(Michael Billington’s article appeared in the Guardian, 1/19.)
The timing is perfect. With Ukip eagerly endorsing Theresa May’s Brexit strategy and Donald Trump about to be inaugurated as US president, along comes a transfixing play by Roland Schimmelpfennig about the historic danger of extremism. Translated by David Tushingham, the play addresses specific German concerns; yet what gives it universal relevance is its portrait of liberal impotence in the face of unvanquished certitude.
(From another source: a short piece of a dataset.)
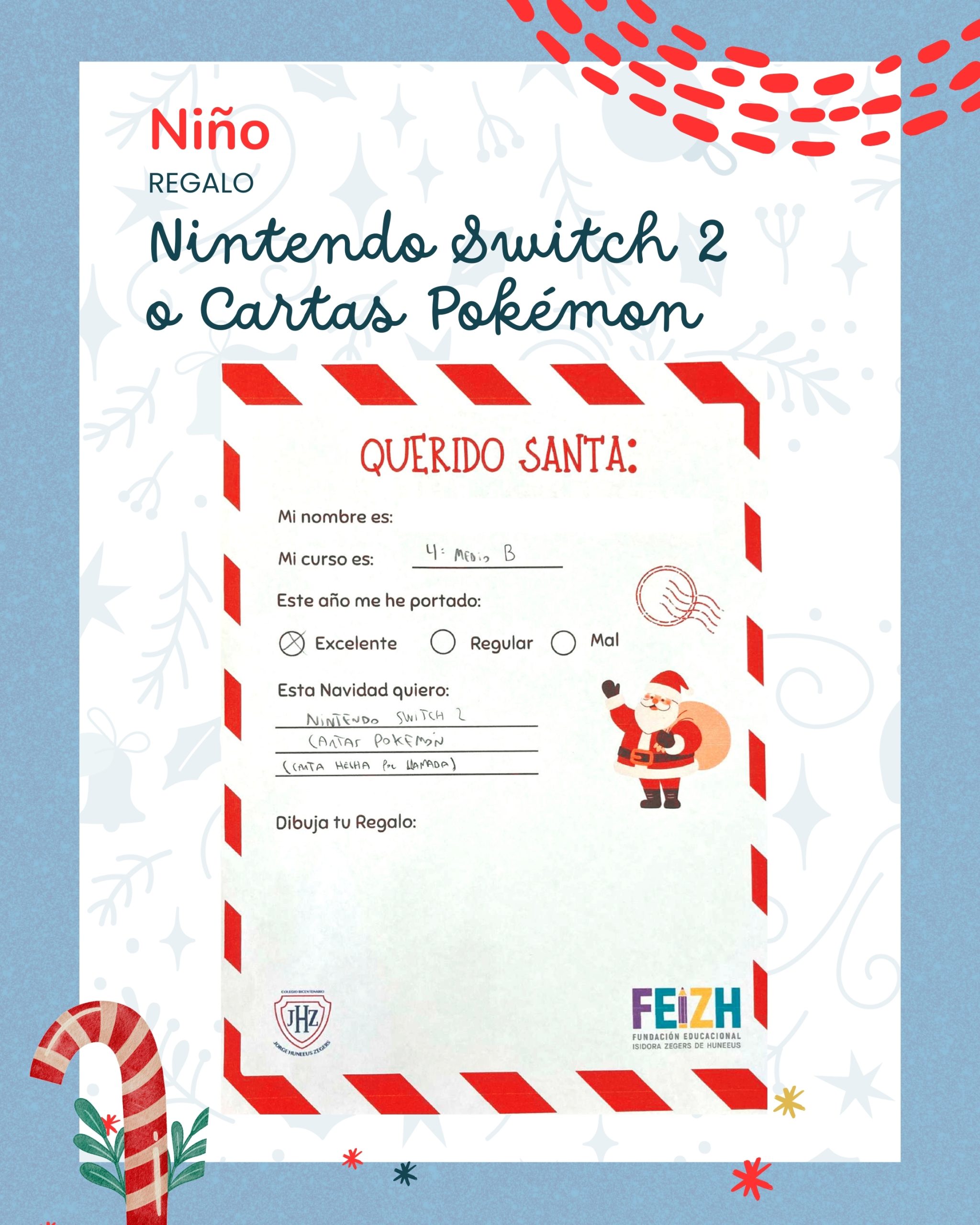 Esta Navidad, queremos llevar alegría a los niños y niñas de 4 a 12 años del Colegio Bicentenario Jorge Huneeus Zegers. Te invitamos a ser parte de esta campaña solidaria y ayudar a que vivan un momento verdaderamente inolvidable.

The work is deeply radical in form: spoken dialogue is mixed with scene-setting and description of characters’ thoughts as if it were a mix of play, film and novel. Five people, in Ramin Gray’s superb Actors Touring Company production, sit round what might be a cluttered rehearsal-room table. We learn that it is Christmas Eve in a bourgeois, intellectual household. Albert, a writer, is engaged in a ferocious spat with Bettina, a film-maker, over the arrival of the latter’s mother, Corinna. But it is Corinna who sparks the dramatic crisis by inviting a man she met on the train, Rudolph, to stay with the family. Rudolph is urbane, civilised, polite and entertains everyone by playing Chopin and Bach on the piano, but when he reveals that he is a doctor with Paraguayan connections, we realise that he is the silken embodiment of a past Germany has long thought buried.